In a way, then, the Tribsters got what they deserved when Ozzy, struggling to see through strands of red hair and wearing an ''03 OSBOURNE'' Cubs jersey, stumbled to the house mike with the always-pleasant Sharon to do their duty. On the field, the Cubs were locked in a close, meaningful game with the Dodgers. But any competitive mood was lost when 40,000 people were sucked into the dysfunctional world of The Osbournes. Mysteriously absent were budding diva Kelly, back-from-rehab Jack and the dog that supposedly died but didn't.

''All right, Chicago! Here comes Ozzy and Sharon Osbourne!'' shouted The Chipper, abandoning whatever journalistic dignity he still maintains.

''All right, Chicago!'' echoed Ozzy, starting out just fine. ''I want to hear a real, real crazy crowd start singing. Are you ready? Are you ready? I can't hear you! Are you ready? One! Two! Three!''

For the next 40 seconds, I wished I was deaf.

''Let's go out to the ballgame. Let's go out to the yrrrrrrrrrrr.

''Take me (inaudible mumbling) ... the field.

''I don't remember what I had to drrrrrr.'' The humming and mumbling and slurring continued a couple of more verses, until Ozzy finally recognized the merciful end.

''For a fee, two, three strikes you're out at the old ballgame. Yayyyyyyy!''

''Now, let's get some runs!'' said Sharon, following her Cubbie script.
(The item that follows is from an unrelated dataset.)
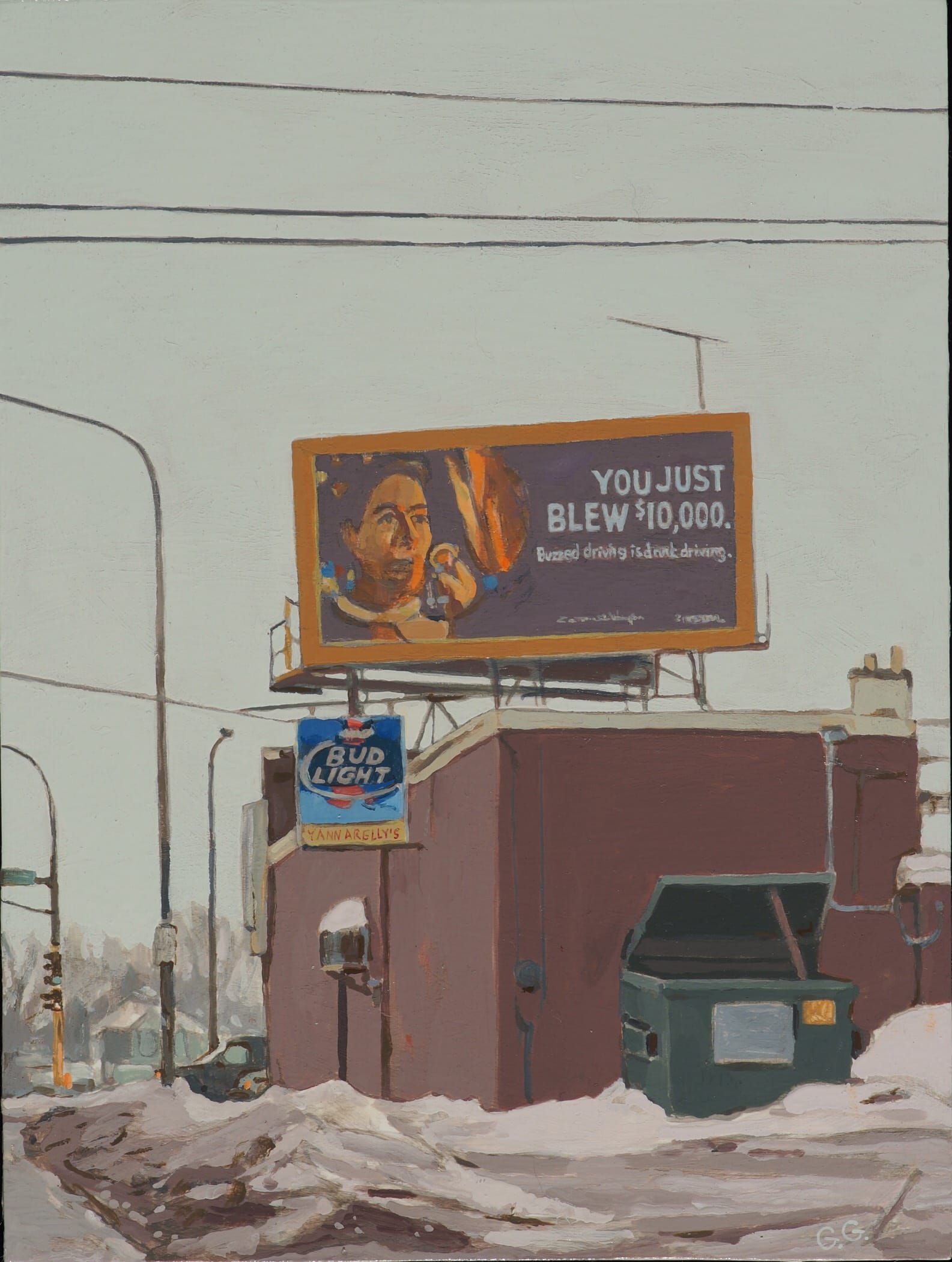 Ken Johnson (Minneapolis, Minnesota): “Yannarelly's Bar,” by my friend Greg Graham, was done in enamel, traditionally a crafters’ paint used in finishing model cars and airplanes. Greg felt challenged to attempt using this medium as a fine artist might, despite the peculiarities and limitations of the medium (few color choices, high gloss). He developed a working method and did a series of small paintings on panels. The one I own depicts the rear of a bar once located on the east side of Saint Paul on a gray winter day, dirty snow humped up on the curb, a dumpster propped open, an anti-drunk-driving billboard curiously looming above. I admire Greg's evocative sense of color (I particularly love his subtle grays accented with the siennas that give the painting some heat) and the delicate brushwork necessary to make such a small painting work.

''Yeah, let's get some runs!'' stammered Ozzy. ''Let's get some runs, fellas.''
 
Ozzy seriously looks like he is gonna fucking curl up and die any moment. The man is completely fucked...and on his show he just waddles about like a fucking invalid, no one really gives a shit about anything he has to say, they just look after him. He should be in an old persons home, not all over TV, and definately not making music...the man used to be respectable, at least musically. I love Black Sabbath.